Let’s now also use state and school holidays.
reg3 <- lm(dsales ~ day + month + StateHoliday + SchoolHoliday, data=sales)
#summary(reg3)
What about the effect of competition?
reg4 <- lm(dsales ~ day + month + StateHoliday + SchoolHoliday + competition, data=sales)
#summary(reg4)
IN-CLASS EXERCISE 6: Controlling for day of the week, month, state and school holidays, do promotions increase sales?
#stargazer(reg3, reg4, reg5, type="text")
Let’s load the test data set from kaggle, create date, day of the week and month variables.
test <- read.csv("C:/Users/dvorakt/Google Drive/business analytics/labs/lab10/test.csv")
#test <- read.csv("https://www.dropbox.com/s/atatbelumf8glhy/rossmann_test.csv?raw=1")
test$Date <- as.Date(test$Date)
test$day <- wday(test$Date, label = TRUE, abbr = TRUE)
test$day <- factor(test$day, ordered=FALSE)
test$month <- month(test$Date, label = TRUE)
test$month <- factor(test$month, ordered=FALSE)
summary(test)
## Id Store DayOfWeek Date
## Min. : 1 Min. : 1.0 Min. :1.000 Min. :2015-08-01
## 1st Qu.:10273 1st Qu.: 279.8 1st Qu.:2.000 1st Qu.:2015-08-12
## Median :20545 Median : 553.5 Median :4.000 Median :2015-08-24
## Mean :20545 Mean : 555.9 Mean :3.979 Mean :2015-08-24
## 3rd Qu.:30816 3rd Qu.: 832.2 3rd Qu.:6.000 3rd Qu.:2015-09-05
## Max. :41088 Max. :1115.0 Max. :7.000 Max. :2015-09-17
##
## Open Promo StateHoliday SchoolHoliday
## Min. :0.0000 Min. :0.0000 0:40908 Min. :0.0000
## 1st Qu.:1.0000 1st Qu.:0.0000 a: 180 1st Qu.:0.0000
## Median :1.0000 Median :0.0000 Median :0.0000
## Mean :0.8543 Mean :0.3958 Mean :0.4435
## 3rd Qu.:1.0000 3rd Qu.:1.0000 3rd Qu.:1.0000
## Max. :1.0000 Max. :1.0000 Max. :1.0000
## NA's :11
## day month
## Sun :5992 Aug:26536
## Mon :5992 Sep:14552
## Tues :5992
## Wed :5992
## Thurs:5992
## Fri :5136
## Sat :5992
We see we have to predict sales from August 1, 2015 to September 15, 2015. The kaggle competition says that days when a store is closed will not be counted. Our predictions will be evaluated using root mean square percentage error.
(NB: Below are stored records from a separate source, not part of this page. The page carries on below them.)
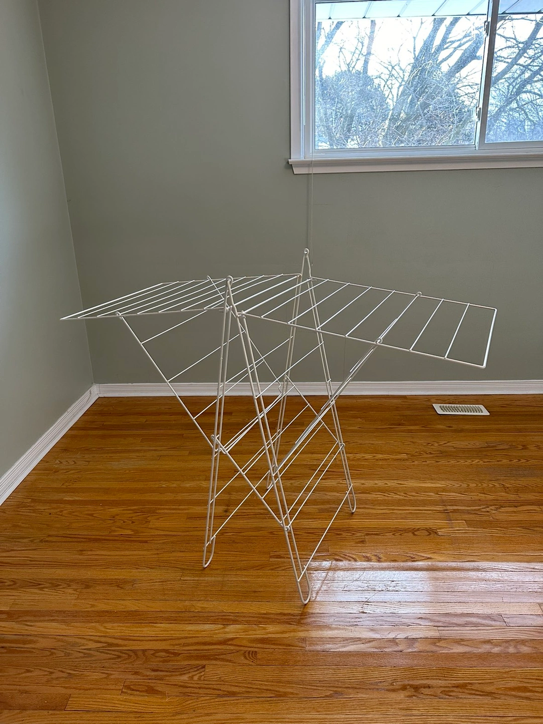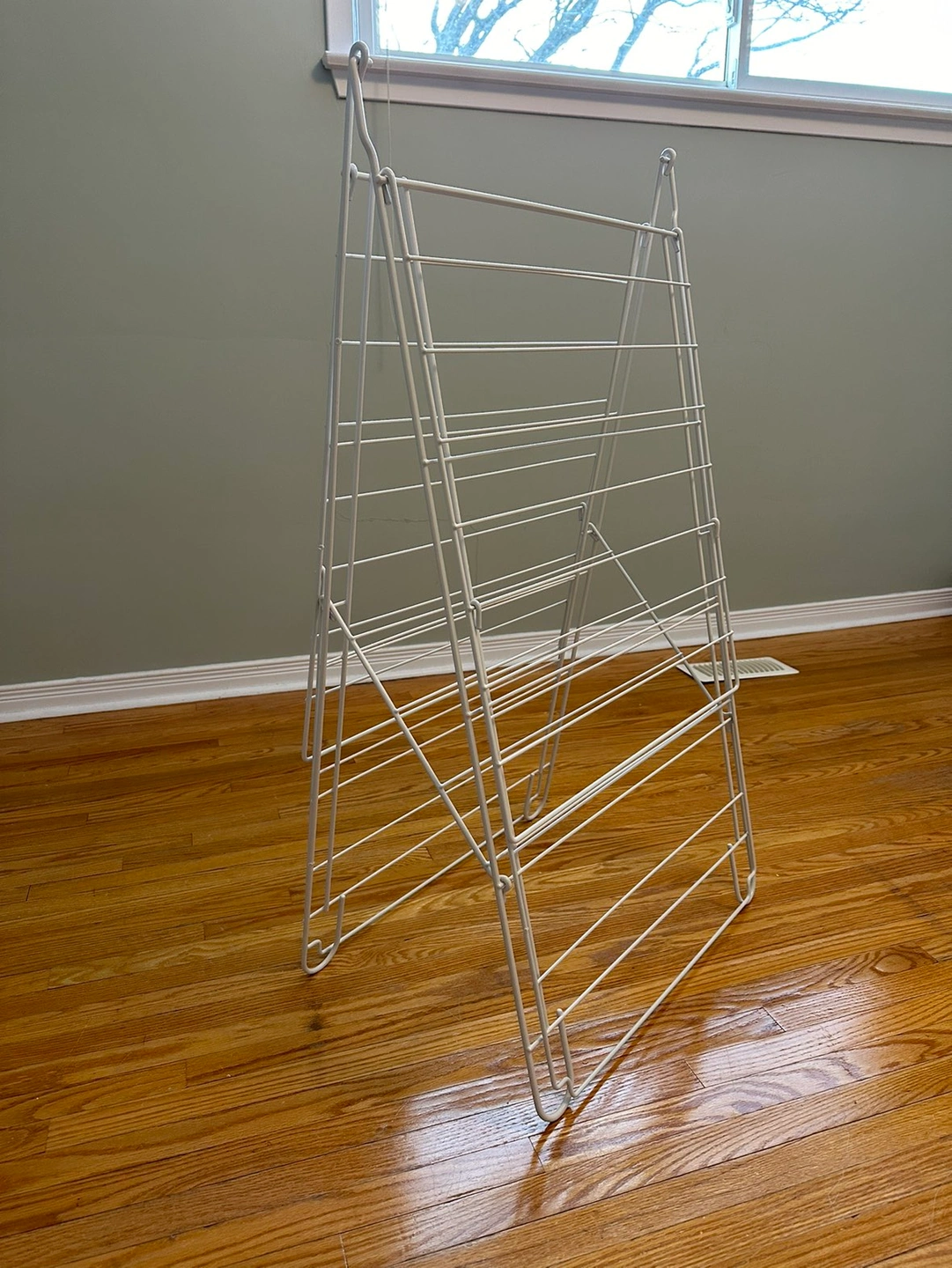 FROST drying rack has a large capacity and can be assembled in different ways depending on what you are hanging. When everything is dry, folded and tucked away, you can fold this rack and tuck it away too.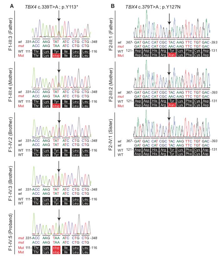 Figure S1: Segregation analysis of causative germline TBX4 mutations. Sanger sequencing of TBX4 mutations in available family members of Family 1 (a) and Family 2 (b). wt: wildtype, mut: mutant.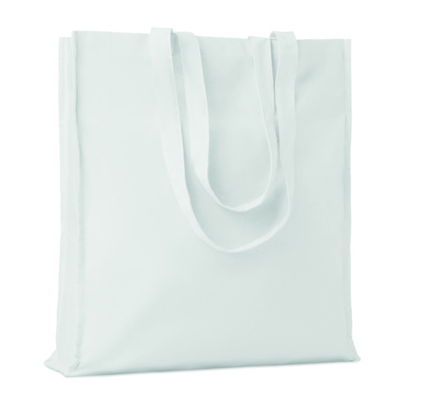 Shopping Tasche mit langen Tragegriffen und seitlicher Falz. Baumwolle 140g/m².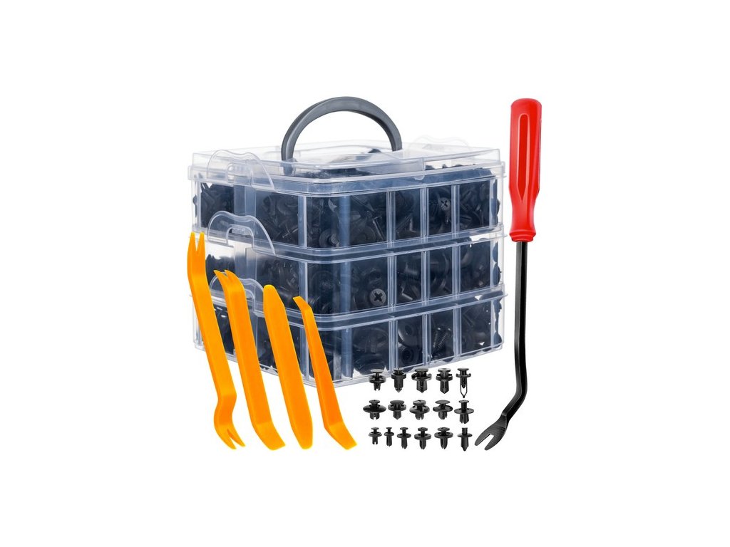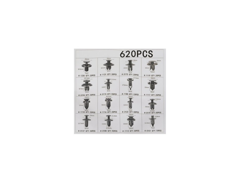- SPECIFIKACE: materiál: PP, ABS, železo; značka vozu: univerzální; použití: univerzální; počet pinů: 620 ks; počet typů čepů: 16; rozměry pouzdra: 16,5 x 16,5 x 12,5cm; hmotnost: 0,82 kg; hmotnost v balení: 0,92 kg V ceně: 620 ks manžetových knoflíčků; 4 ks; nástroj na odstranění klipu 1 ks; pouzdro 1ks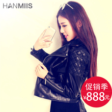 Hanmiis2015秋款 真皮皮衣女短款单皮夹克女羊皮修身机车皮衣外套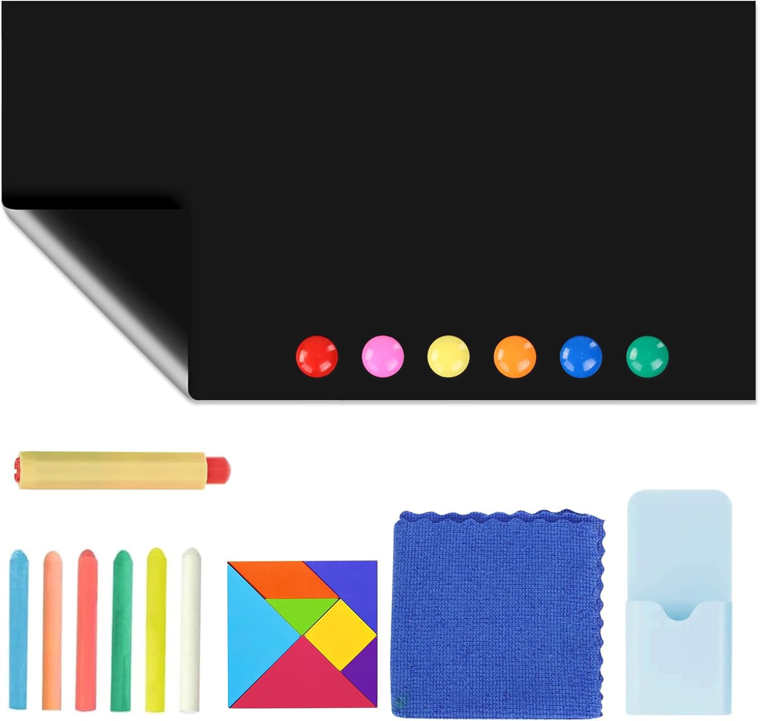 Набір включає барвисті крейду, магніти, тканину, крейдову ручку та набір танграму - все, що потрібно для негайного використання. Продукт ідеальний як подарунок для дітей, підтримуючи їх розвиток математичних та мовних навичок завдяки грі та навчанню.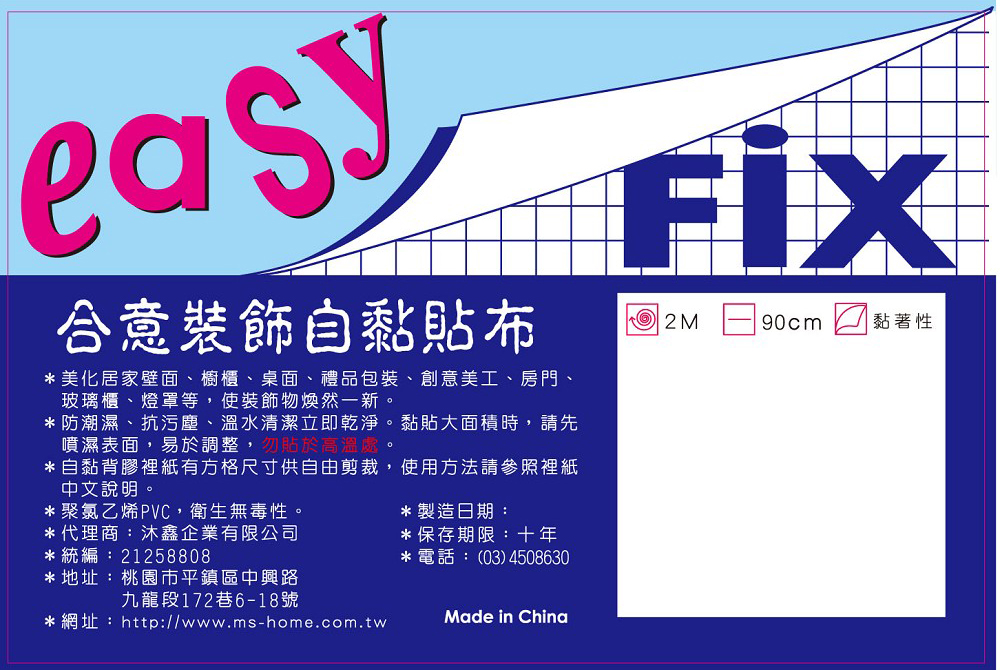 自黏背膠裡紙有方格尺寸供自由剪裁.使用方法請參照裡紙中文說明.勿貼於高溫處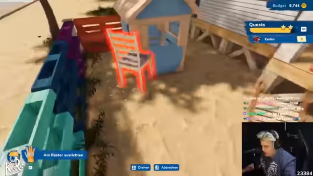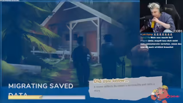 08:15:44Bei der Einrichtung des Cafés am Strand begeht der Streamer einen teuren Fehler: Er kauft eine große Menge Farbe in falschen Tönen, statt cremefarben-lila, was von dem Paar gewünscht war. Der Eimer kostet unglaubliche 400 Gold. Trotzdem schlägt er vor, die Farbe einfach zu nutzen, was zu einem schlechten Ergebnis führt. Die Mission wird jedoch als "beschissenste" aller bisherigen bezeichnet. Trotzdem arbeitet er hart daran, alle Aufgaben zu erfüllen, einschließlich des Verkaufs von Möbeln und dem Kauf eines Spielhauses für die Kinder.

\(\textrm{RMSPE} = \sqrt{\frac{1}{n} \sum_{i=1}^{n} \left(\frac{y_i - \hat{y}_i}{y_i}\right)^2}\)
We’ll merge in average sales from the training data. This is because we will use average daily sales from the training data to make predictions for sales for the next 6 weeks.
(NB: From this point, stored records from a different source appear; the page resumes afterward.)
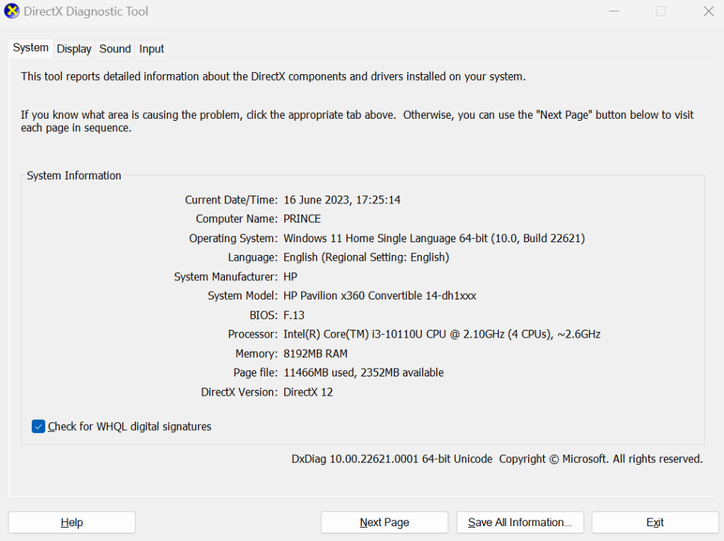 2. lépés:BeírDxdiagÉs megütötte aBeírgomb.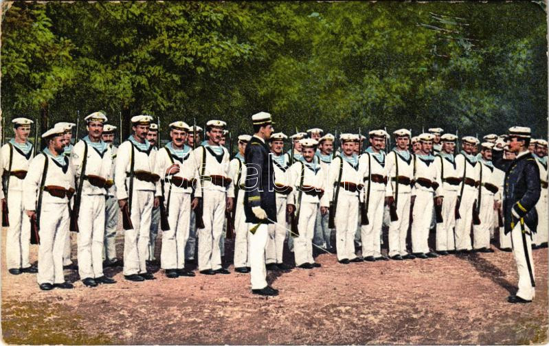 K.u.K. Kriegsmarine Gewehrexerzieren / Austro-Hungarian Navy training,... https://www.darabanth.com/de/455-Fernauktion/455.0/Ansichtskarten/Kriegsschiffe~1500027/KuK-Kriegsmarine-Gewehrexerzieren-Austro-Hungarian-Navy-training-mariners-on-mainland-R-Mari~II3018613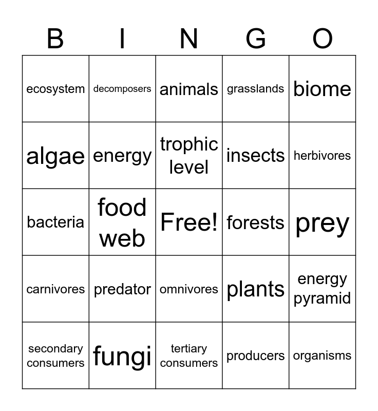 This bingo card has a free space and 34 words: temporal, producers, tropical, consumers, carnivores, energy, biome, secondary consumers, decomposers, habitat, trophic level, animals, aquatic, primary consumers, forests, herbivores, fungi, bacteria, predator, plants, omnivores, sun, ecosystem, prey, tertiary consumers, organisms, grasslands, jungles, insects, algae, food chain, food web, energy pyramid and biodiversity.

test <- inner_join(test, select(stores, Store, av_sales), by="Store")
We can use function predict() to predict dsales. Let’s first use our reg3 model which used day of the week, month and state and school holiday as predictors.
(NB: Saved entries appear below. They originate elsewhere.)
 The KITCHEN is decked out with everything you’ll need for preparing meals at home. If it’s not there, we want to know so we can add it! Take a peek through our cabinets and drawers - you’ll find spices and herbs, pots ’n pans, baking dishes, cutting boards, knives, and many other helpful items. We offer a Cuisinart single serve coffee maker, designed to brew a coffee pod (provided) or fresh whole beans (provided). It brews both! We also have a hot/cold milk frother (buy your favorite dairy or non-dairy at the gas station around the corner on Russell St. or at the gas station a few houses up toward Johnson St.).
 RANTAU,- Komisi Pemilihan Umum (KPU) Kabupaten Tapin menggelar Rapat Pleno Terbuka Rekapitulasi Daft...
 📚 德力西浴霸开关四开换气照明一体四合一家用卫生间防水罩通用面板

test$dsales <- predict(reg3, test)
The above created a vector of predicted percent deviation from average sales. However, we need to predict total sales rather than the percent deviation from average sales. Fortunately, since we know average sales we can calculate total sales by multiplying average sales (av_sales) by the percent deviation from average sales (dsales).
test$Sales <- test$av_sales*(1+test$dsales/100)
write.csv(select(test,Id, Sales), file = "C:/Users/dvorakt/Google Drive/business analytics/labs/lab10/submission.csv", row.names = FALSE)
This submission ranks about 2800.
IN-CLASS EXERCISE: Make a prediction using our reg5 model (it included Promo variable). DOes this model do better in the competition?